In case you think the song sounds vaguely familiar, this b-side, which as with “Mr. Sleaze” contains only a token contribution from the named artiste, was SAW’s response to 2Unlimited’s rise to political power in mainland Europe.

 

11. “When I’m Good and Ready” – Sybil (1993)

The sound of pop music had moved on by the early nineties. Nomad’s “Devotion” had redefined the sound of pop-dance, favouring stripped back productions rather than the dense, multi-layered electronic wall of sound approach that SAW had trademarked. This song, by US vocalist Sybil, showcases SAW’s ability to listen to what was happening in the charts and emulate it. It sounds simultaneously completely different and absolutely the same as songs they were creating five years earlier and ultimately, that proved to be SAW’s downfall. The one-time innovators were now just fading imitators.

 

Honourable mention – “Together Forever”, Rick Astley (1988)

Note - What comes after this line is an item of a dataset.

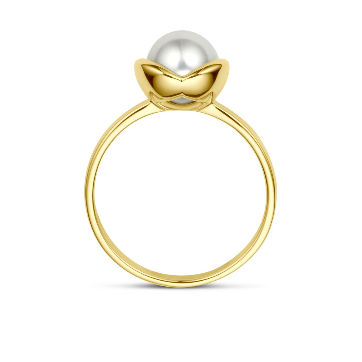 14krt Geelgouden ring uitgevoerd met een zoetwaterparel. De ring heeft een afmeting van 9x10mm.

Had it been available in this version on Spotify, I would have chosen Rick Astley’s “Together Forever (in the House of Love)”. For a while, every 12” version of a SAW song featured the vocal stylings of a chap known only as “Ambassador”, if memory serves. He was the chap who put the wap bam boogie into “Wap Bam Boogie” by Matt Bianco. Adding his vocals, a slightly higher high hat and stripping back some of the synthesized strings frequently made for a “house” remix in SAW’s eyes and ears. Mostly it was just a bit embarrassing when compared to the real thing, but here it all comes together in a deeply joyous and slightly messy cacophony. Far and away Rick’s top pop moment.